Правда, Надсон — яркий пример ‘слабого’, ‘раздвоенного’, изнывающего под бременем ‘страданий’ и скорбей интеллигента. Правда, Надсон слишком много говорил о своих страданиях и скорбях. Но он не ограничивался простым описанием их и жалобами на свою ‘бесталанную долю’. Он постоянно старался стать ‘выше судьбы’. Его лирике вовсе не так чужды ‘мужественно-страстные и энергетические звуки’, как это кажется с первого взгляда.

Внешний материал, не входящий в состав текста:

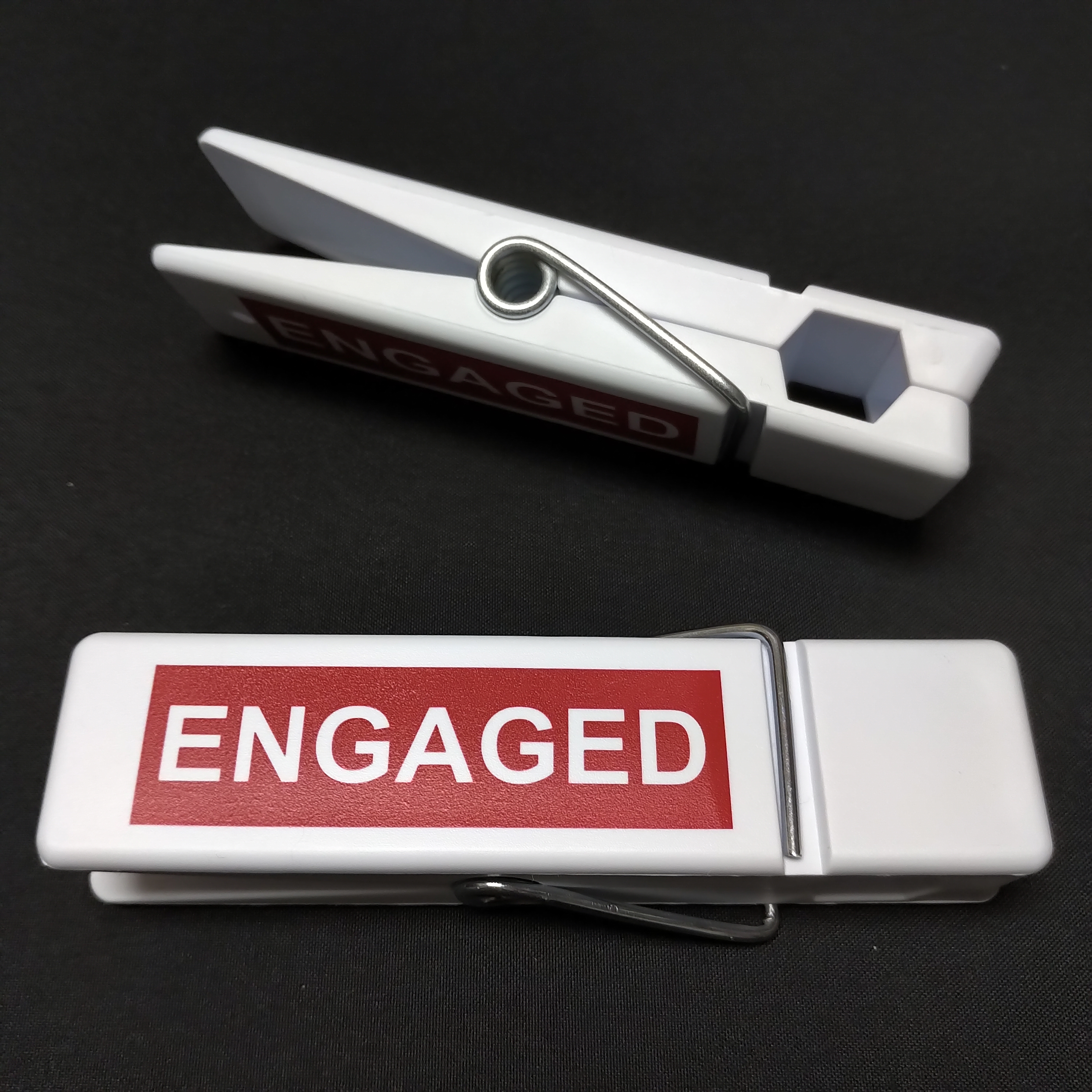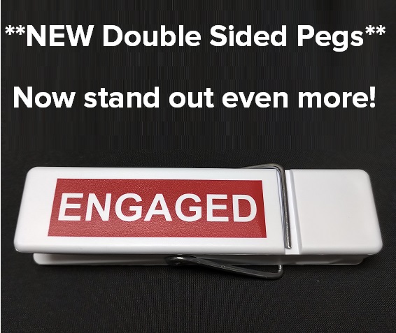 These pegs have now changed to White pegs with a solid Red print, they are also now double sided so more visible and easier to keep clean. Available from 50 units from stock.

Больной — он постоянно проявлял стремления к настоящей, полной жизни, ‘уставший’ и ‘слабый’ — он постоянно грезил о силе.
В его лирике можно найти предпосылки того мировоззрения, которое нашло свое яркое выражение в философии ‘воли к силе и воли к жизни’… Перед его умственным взором мелькает силуэт того обстоятельно-величественного образа, который лег в основу учения о ‘сверхчеловеке’…
Одним словом, Надсон, по положительным сторонам своей поэзии, весьма близко стоит к проповеднику ‘сверхчеловеческих’ начал, апостолу ‘исполинов будущего’ — Фридриху Ницше.

I

В предисловии ко второму тому своего философского трактата ‘Человеческое, слишком человеческое’ Ницше делает следующее ценное признание: указывая на ‘здоровые’, даже ‘веселые’ настроения, которыми проникнут ряд его произведений, написанных непосредственно после его отречения от ‘романтического пессимизма’ — от культа шопенгауэровской философии, — он заявляет: ‘однако, от более проницательного и сочувствующего взора не ускользнет то, что придает особенную прелесть этим сочинениям, — он замечает именно, что в них говорит человек, страдающий и обездоленный, и говорит так, как будто он не страдает и не обездолен.*
* Цитируем по русскому переводу: ‘Сочин.’ Ницше, т. V, стр. 9 (изд. Клюкина).
Еще определеннее выражается он в одном из своих писем.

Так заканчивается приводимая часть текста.